§ **THE TASK**
Copy the records below exactly, starting at the line that contains "Mani Yodha en" and ending at the line that contains "Intorno alle 23.20"; leave out any pictures.

§ **STUDY MATERIAL**
__________________________________________________

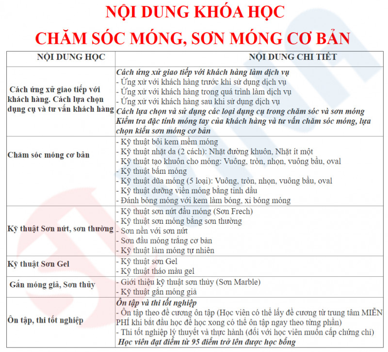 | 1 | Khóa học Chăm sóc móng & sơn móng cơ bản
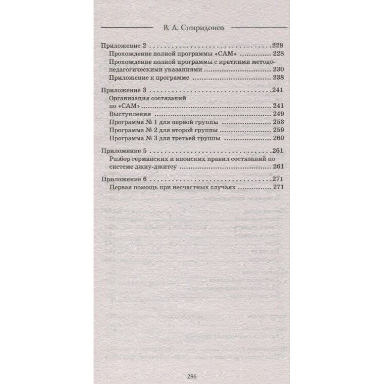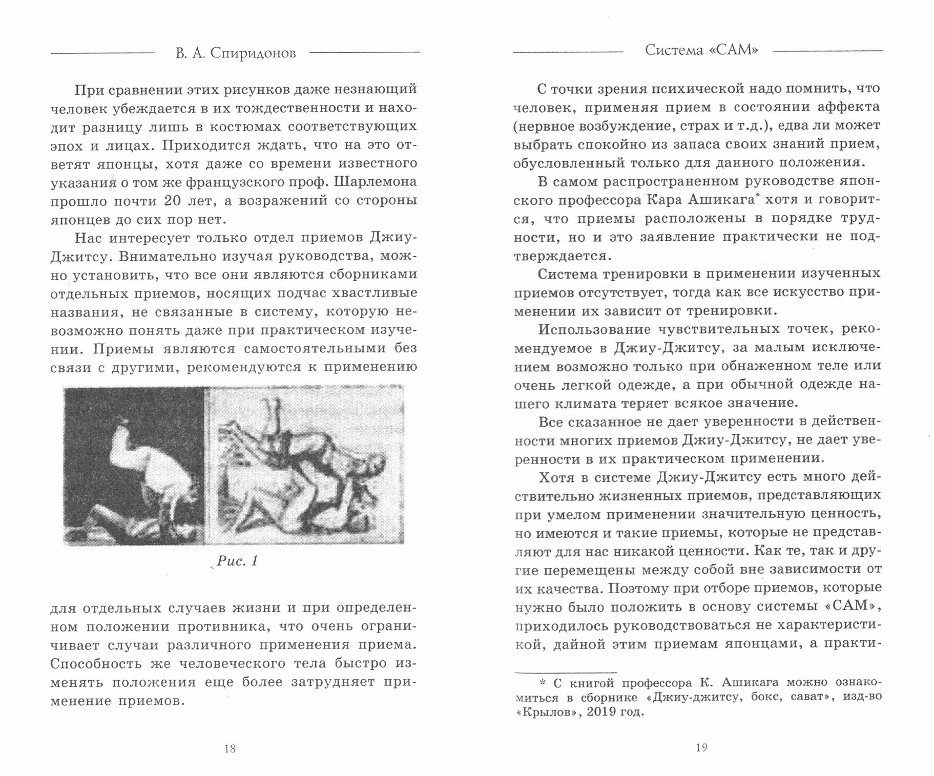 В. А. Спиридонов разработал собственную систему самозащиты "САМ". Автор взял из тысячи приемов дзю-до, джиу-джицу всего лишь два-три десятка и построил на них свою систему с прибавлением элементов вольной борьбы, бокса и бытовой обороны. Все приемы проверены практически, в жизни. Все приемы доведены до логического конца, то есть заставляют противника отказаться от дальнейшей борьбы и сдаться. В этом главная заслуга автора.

__________________________________________________

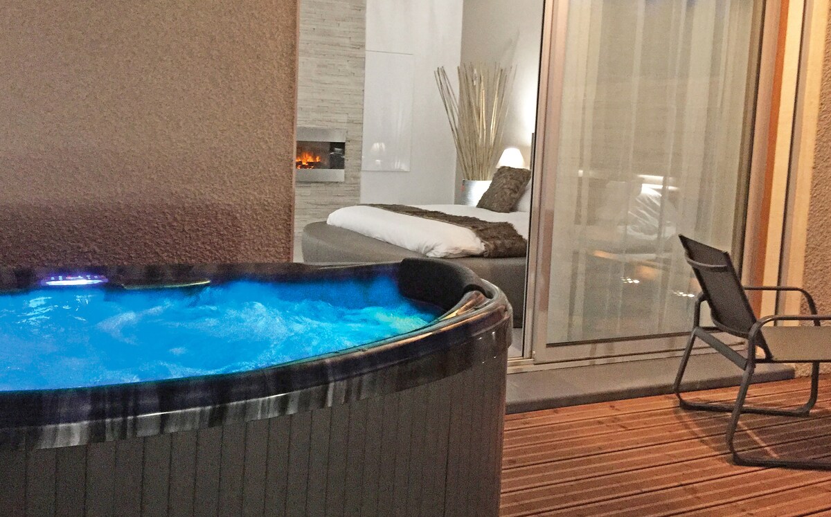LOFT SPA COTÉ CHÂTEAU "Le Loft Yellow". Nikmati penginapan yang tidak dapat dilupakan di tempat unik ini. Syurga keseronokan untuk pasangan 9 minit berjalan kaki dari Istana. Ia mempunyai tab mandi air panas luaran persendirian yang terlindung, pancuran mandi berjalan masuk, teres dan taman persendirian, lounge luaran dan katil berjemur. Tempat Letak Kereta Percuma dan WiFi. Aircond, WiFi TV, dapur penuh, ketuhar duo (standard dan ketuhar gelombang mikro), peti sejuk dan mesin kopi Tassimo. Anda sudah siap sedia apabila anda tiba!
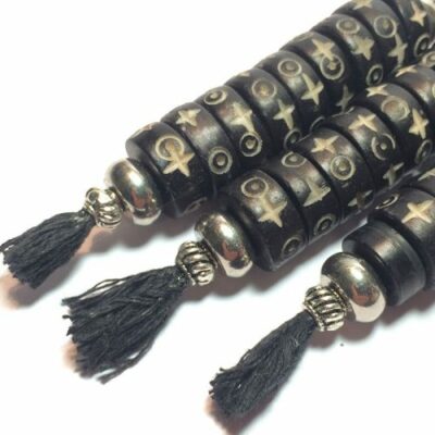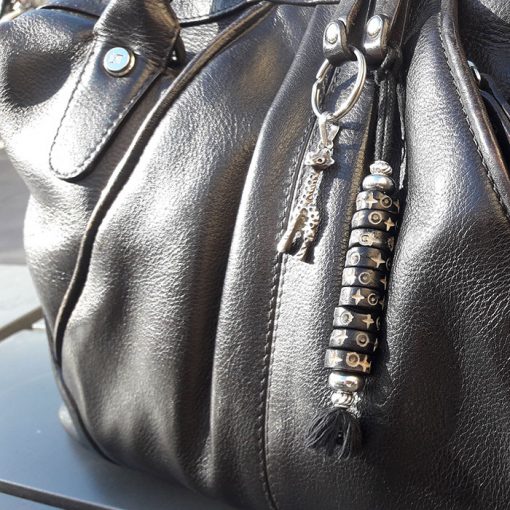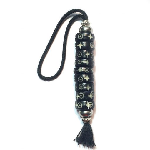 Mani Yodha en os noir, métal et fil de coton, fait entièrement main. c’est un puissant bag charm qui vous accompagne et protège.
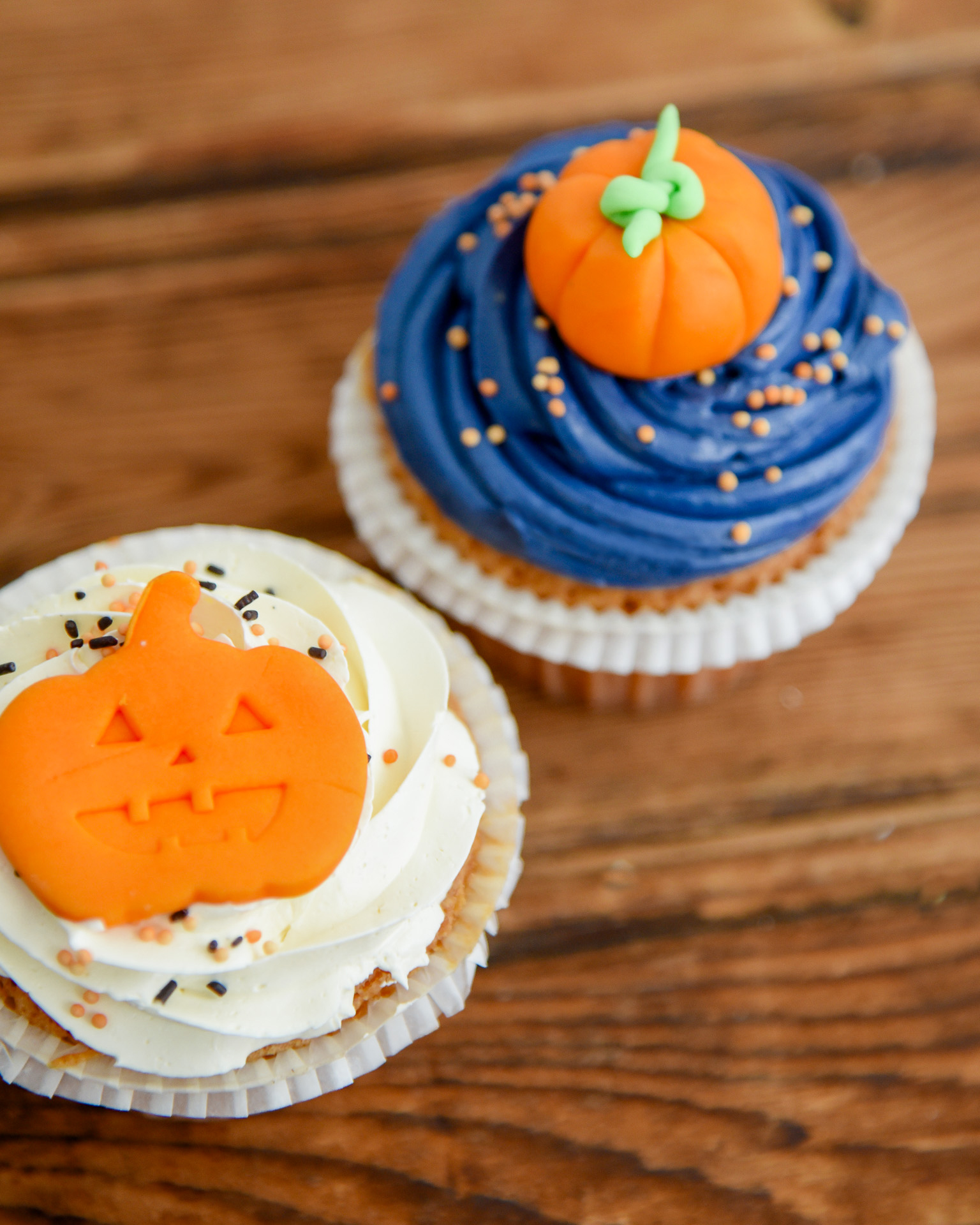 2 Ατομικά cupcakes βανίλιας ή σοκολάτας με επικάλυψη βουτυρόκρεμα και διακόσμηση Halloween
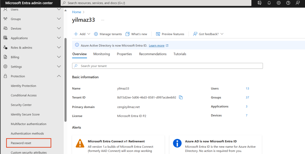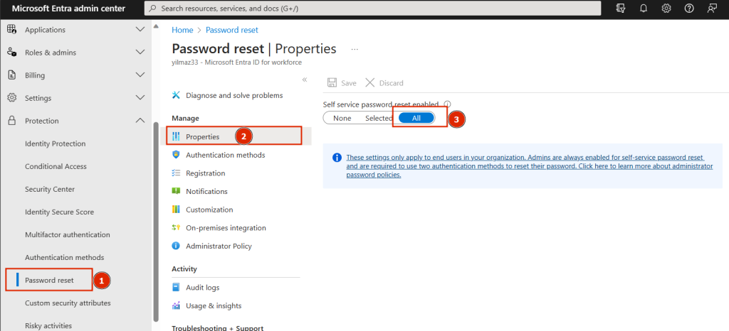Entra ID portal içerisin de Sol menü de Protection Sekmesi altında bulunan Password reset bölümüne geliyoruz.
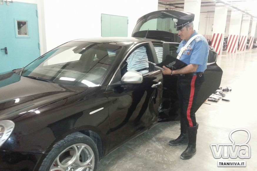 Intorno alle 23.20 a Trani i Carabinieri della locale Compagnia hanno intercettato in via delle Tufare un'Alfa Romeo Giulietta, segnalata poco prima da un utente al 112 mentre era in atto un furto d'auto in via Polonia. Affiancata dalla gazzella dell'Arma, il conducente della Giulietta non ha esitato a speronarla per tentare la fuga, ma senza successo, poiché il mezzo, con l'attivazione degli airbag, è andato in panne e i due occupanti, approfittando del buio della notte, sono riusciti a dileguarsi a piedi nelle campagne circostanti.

__________________________________________________

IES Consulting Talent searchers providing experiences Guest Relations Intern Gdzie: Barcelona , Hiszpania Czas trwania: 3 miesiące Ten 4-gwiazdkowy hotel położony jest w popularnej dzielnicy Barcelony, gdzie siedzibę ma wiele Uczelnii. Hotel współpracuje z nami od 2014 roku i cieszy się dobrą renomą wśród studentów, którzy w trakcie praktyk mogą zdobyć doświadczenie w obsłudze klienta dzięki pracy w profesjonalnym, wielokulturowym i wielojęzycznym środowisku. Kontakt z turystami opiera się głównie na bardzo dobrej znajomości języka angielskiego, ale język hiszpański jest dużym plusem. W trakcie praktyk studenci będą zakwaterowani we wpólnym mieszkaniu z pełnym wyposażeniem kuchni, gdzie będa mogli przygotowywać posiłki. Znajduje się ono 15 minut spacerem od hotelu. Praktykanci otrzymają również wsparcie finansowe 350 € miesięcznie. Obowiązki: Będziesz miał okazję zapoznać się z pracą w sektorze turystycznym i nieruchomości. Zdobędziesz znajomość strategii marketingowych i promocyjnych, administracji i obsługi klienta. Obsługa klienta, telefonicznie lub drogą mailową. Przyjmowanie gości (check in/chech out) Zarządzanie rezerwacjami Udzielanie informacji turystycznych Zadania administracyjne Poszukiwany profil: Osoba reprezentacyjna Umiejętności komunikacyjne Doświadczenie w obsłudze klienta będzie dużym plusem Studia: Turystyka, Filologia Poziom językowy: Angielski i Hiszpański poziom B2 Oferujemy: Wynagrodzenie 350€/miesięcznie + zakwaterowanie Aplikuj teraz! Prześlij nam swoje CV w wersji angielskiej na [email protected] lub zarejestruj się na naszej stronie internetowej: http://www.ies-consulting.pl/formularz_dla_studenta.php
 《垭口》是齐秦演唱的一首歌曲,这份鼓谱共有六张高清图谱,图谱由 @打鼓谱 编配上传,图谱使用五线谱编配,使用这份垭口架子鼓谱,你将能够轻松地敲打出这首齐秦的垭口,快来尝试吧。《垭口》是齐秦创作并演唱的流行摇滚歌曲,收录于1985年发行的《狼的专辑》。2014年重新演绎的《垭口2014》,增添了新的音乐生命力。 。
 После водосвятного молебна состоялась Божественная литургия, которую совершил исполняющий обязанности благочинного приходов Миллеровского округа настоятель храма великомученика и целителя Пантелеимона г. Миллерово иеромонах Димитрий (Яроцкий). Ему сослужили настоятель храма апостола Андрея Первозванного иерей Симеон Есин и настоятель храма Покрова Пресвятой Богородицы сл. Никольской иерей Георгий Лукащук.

__________________________________________________

§ **PROBLEM SOLUTION**
 Mani Yodha en os noir, métal et fil de coton, fait entièrement main. c’est un puissant bag charm qui vous accompagne et protège.
 2 Ατομικά cupcakes βανίλιας ή σοκολάτας με επικάλυψη βουτυρόκρεμα και διακόσμηση Halloween
Entra ID portal içerisin de Sol menü de Protection Sekmesi altında bulunan Password reset bölümüne geliyoruz.
 Intorno alle 23.20 a Trani i Carabinieri della locale Compagnia hanno intercettato in via delle Tufare un'Alfa Romeo Giulietta, segnalata poco prima da un utente al 112 mentre era in atto un furto d'auto in via Polonia. Affiancata dalla gazzella dell'Arma, il conducente della Giulietta non ha esitato a speronarla per tentare la fuga, ma senza successo, poiché il mezzo, con l'attivazione degli airbag, è andato in panne e i due occupanti, approfittando del buio della notte, sono riusciti a dileguarsi a piedi nelle campagne circostanti.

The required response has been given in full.